During this period, Armazi was governed by a hereditary pitiakhsh, whose rank approximated to that of viceroy or satrap, and was second in the official Iberian hierarchy after the king. The excavations of the hereditary necropolis of this dynasty yielded engraved gems bearing portraits of two of these viceroys, Asparukh (probably the contemporary of the Roman emperor Hadrian, 117-138 AD) and Zevakh (fl. 150 AD), a rare example of authentic, pre-Christian Georgian portraiture. Aramaic inscriptions from Armazi mention also the royal architect and the epitropos ("Lord Chamberlain").

Armazi played a central role in ancient Georgian cultural life and in the evolution of local epigraphy in Georgia, prior to the invention of the Georgian alphabet in the 5th century. Among a number of curious inscriptions found at Armazi, the most important is the bilingual Greco-Aramaic tombstone inscription commemorating the short-lived Serapita and her noble lineage. It contains an unusual, in its ductus and some of its forms, version of the Aramaic alphabet which came to be known as the "Armazi script" although it can also be found outside Armazi, in other parts of Georgia.

With the transfer of the Georgian capital to Tbilisi in the late 5th or early 6th century, Armazi went into a gradual decline. It still had its own high-ranking commandant, a post held in A.D. 545 by a certain Wistam.
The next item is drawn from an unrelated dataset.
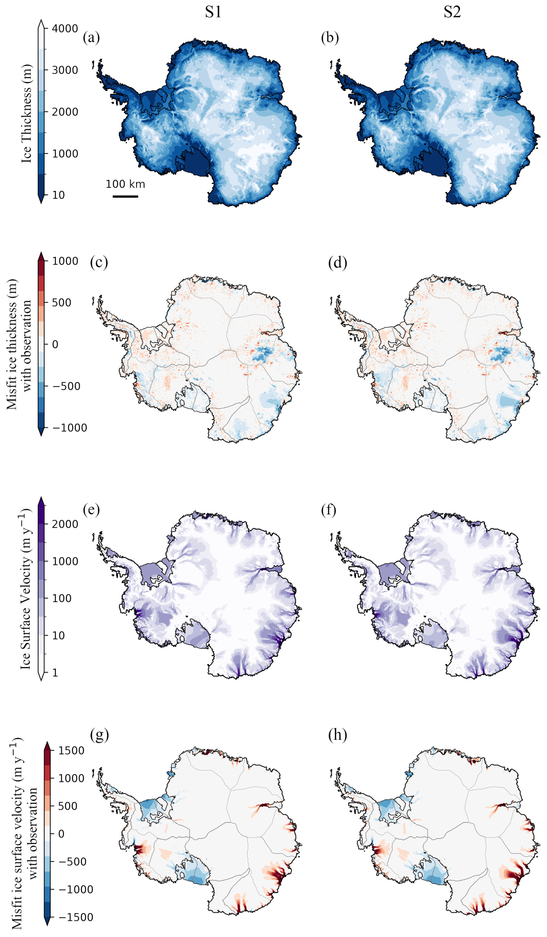 Figure 4Comparing simulated initial state with observations. Modeled ice thickness (m) and ice surface velocity (m yr−1) at the end of spin-up. The left column shows ice thickness and ice surface velocity results from S1, alongside their misfits from observation (Morlighem et al., 2019; Mouginot et al., 2019). The right column shows the corresponding results from S2, sharing common color bars with S1.

The city was finally destroyed and razed to the ground in 736 by the Arab commander Marwan ibn Muhammad (the future Umayyad Caliph Marwan II).

The city of Armazi has never been revived since then, but a Georgian Orthodox monastery of St. Nino was constructed there between 1150 and 1178. This is a six-apse hall church which, as well as its associated structures, is now largely in ruins and only some fragments of the 12th-century murals have survived.